── Records for processing

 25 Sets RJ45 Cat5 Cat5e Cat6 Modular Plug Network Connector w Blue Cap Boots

────
── Records for processing

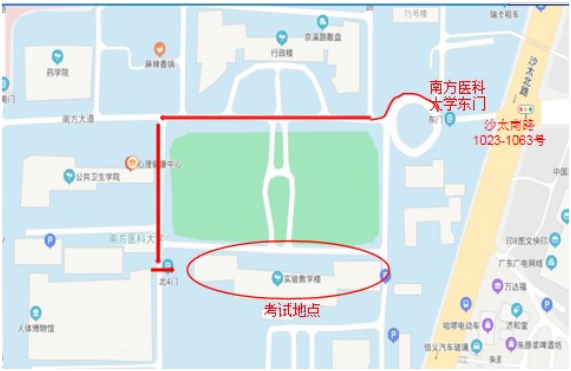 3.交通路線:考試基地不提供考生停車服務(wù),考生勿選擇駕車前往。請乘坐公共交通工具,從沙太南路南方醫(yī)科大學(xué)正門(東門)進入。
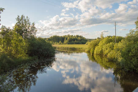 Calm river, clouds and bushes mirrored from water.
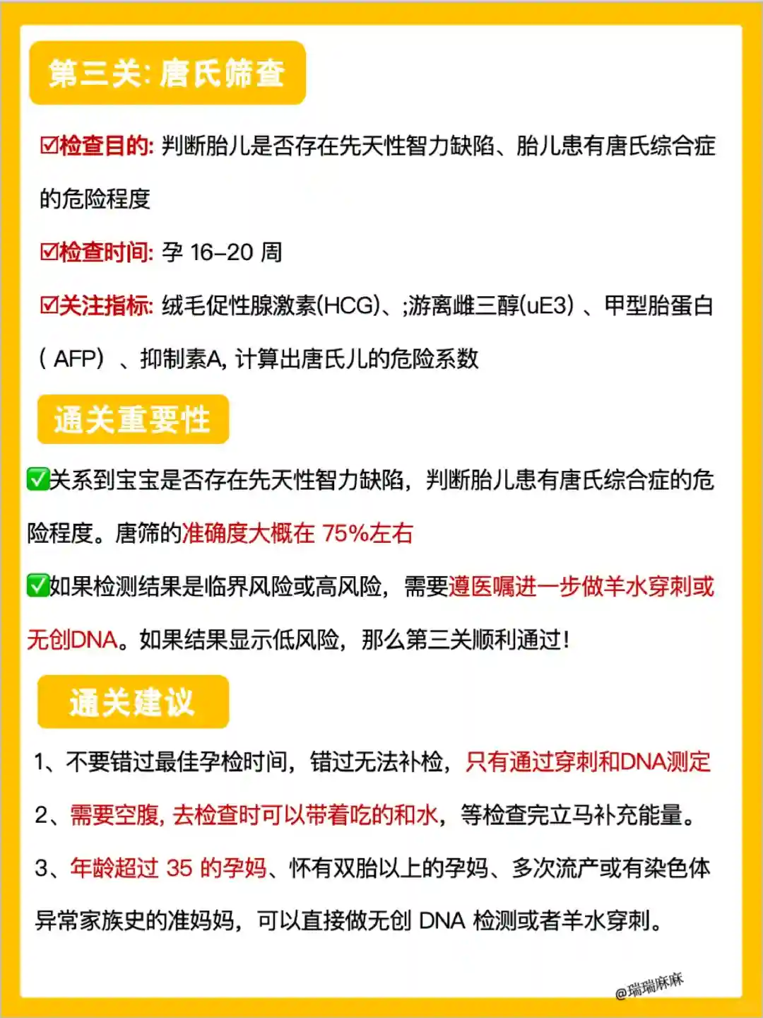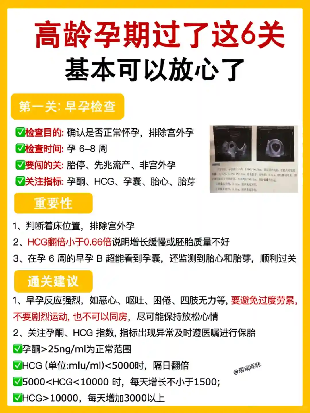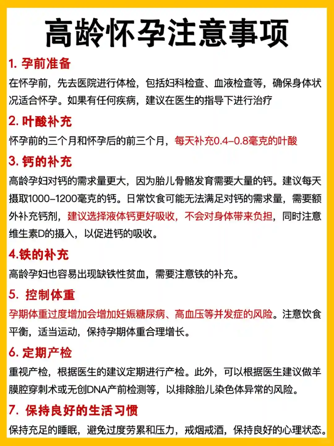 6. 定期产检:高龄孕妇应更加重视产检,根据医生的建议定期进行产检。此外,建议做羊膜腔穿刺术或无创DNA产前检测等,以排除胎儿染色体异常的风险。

────
── Records for processing

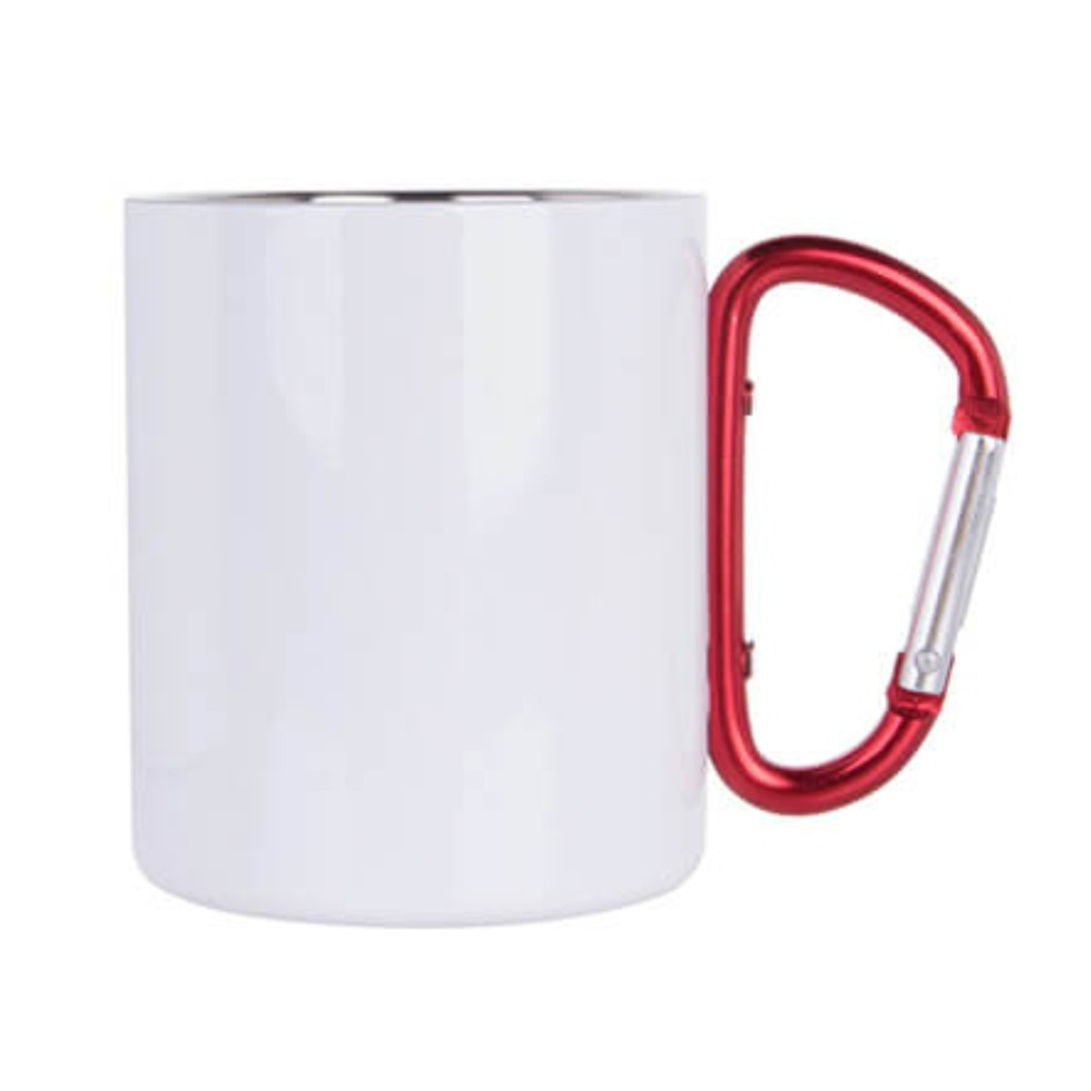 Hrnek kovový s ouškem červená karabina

────

> Problem statement
With the pictures omitted, restate word for word the lines above from the line that has "Calm river, clouds" up to and including the line that has "6. 定期产检:高龄孕妇应更", and no other lines.

> Written solution
 Calm river, clouds and bushes mirrored from water.
 6. 定期产检:高龄孕妇应更加重视产检,根据医生的建议定期进行产检。此外,建议做羊膜腔穿刺术或无创DNA产前检测等,以排除胎儿染色体异常的风险。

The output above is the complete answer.